[TASK INPUT Boundary: Start]

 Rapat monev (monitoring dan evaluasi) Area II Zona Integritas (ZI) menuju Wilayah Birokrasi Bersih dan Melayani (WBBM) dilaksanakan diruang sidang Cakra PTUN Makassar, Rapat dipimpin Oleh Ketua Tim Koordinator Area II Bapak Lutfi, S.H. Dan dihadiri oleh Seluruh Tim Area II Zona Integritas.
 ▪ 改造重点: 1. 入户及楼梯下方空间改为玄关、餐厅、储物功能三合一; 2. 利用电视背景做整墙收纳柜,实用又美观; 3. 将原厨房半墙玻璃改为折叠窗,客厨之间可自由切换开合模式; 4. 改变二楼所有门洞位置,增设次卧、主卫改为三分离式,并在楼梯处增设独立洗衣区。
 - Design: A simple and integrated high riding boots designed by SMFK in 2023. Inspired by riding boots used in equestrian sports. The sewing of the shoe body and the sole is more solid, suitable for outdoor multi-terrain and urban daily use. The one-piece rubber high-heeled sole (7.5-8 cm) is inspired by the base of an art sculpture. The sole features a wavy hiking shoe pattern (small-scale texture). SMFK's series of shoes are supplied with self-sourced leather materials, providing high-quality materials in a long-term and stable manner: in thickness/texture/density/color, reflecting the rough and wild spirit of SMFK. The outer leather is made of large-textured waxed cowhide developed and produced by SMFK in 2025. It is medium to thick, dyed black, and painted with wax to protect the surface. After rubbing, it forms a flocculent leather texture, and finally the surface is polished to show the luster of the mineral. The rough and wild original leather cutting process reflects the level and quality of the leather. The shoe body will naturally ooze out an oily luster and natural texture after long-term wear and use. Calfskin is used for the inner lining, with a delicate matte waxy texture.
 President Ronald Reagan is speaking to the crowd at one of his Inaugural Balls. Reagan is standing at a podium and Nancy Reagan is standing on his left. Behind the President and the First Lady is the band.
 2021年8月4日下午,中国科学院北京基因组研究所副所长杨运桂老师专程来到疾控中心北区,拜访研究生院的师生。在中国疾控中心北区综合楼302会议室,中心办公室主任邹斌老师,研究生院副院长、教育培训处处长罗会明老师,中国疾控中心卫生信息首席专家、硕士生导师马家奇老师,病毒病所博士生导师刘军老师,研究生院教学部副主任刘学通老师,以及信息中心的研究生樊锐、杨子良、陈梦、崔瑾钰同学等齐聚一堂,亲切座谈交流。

[TASK INPUT Boundary: End]

Output all records verbatim.

» **WRITTEN REPLY**
 Rapat monev (monitoring dan evaluasi) Area II Zona Integritas (ZI) menuju Wilayah Birokrasi Bersih dan Melayani (WBBM) dilaksanakan diruang sidang Cakra PTUN Makassar, Rapat dipimpin Oleh Ketua Tim Koordinator Area II Bapak Lutfi, S.H. Dan dihadiri oleh Seluruh Tim Area II Zona Integritas.
 ▪ 改造重点: 1. 入户及楼梯下方空间改为玄关、餐厅、储物功能三合一; 2. 利用电视背景做整墙收纳柜,实用又美观; 3. 将原厨房半墙玻璃改为折叠窗,客厨之间可自由切换开合模式; 4. 改变二楼所有门洞位置,增设次卧、主卫改为三分离式,并在楼梯处增设独立洗衣区。
 - Design: A simple and integrated high riding boots designed by SMFK in 2023. Inspired by riding boots used in equestrian sports. The sewing of the shoe body and the sole is more solid, suitable for outdoor multi-terrain and urban daily use. The one-piece rubber high-heeled sole (7.5-8 cm) is inspired by the base of an art sculpture. The sole features a wavy hiking shoe pattern (small-scale texture). SMFK's series of shoes are supplied with self-sourced leather materials, providing high-quality materials in a long-term and stable manner: in thickness/texture/density/color, reflecting the rough and wild spirit of SMFK. The outer leather is made of large-textured waxed cowhide developed and produced by SMFK in 2025. It is medium to thick, dyed black, and painted with wax to protect the surface. After rubbing, it forms a flocculent leather texture, and finally the surface is polished to show the luster of the mineral. The rough and wild original leather cutting process reflects the level and quality of the leather. The shoe body will naturally ooze out an oily luster and natural texture after long-term wear and use. Calfskin is used for the inner lining, with a delicate matte waxy texture.
 President Ronald Reagan is speaking to the crowd at one of his Inaugural Balls. Reagan is standing at a podium and Nancy Reagan is standing on his left. Behind the President and the First Lady is the band.
 2021年8月4日下午,中国科学院北京基因组研究所副所长杨运桂老师专程来到疾控中心北区,拜访研究生院的师生。在中国疾控中心北区综合楼302会议室,中心办公室主任邹斌老师,研究生院副院长、教育培训处处长罗会明老师,中国疾控中心卫生信息首席专家、硕士生导师马家奇老师,病毒病所博士生导师刘军老师,研究生院教学部副主任刘学通老师,以及信息中心的研究生樊锐、杨子良、陈梦、崔瑾钰同学等齐聚一堂,亲切座谈交流。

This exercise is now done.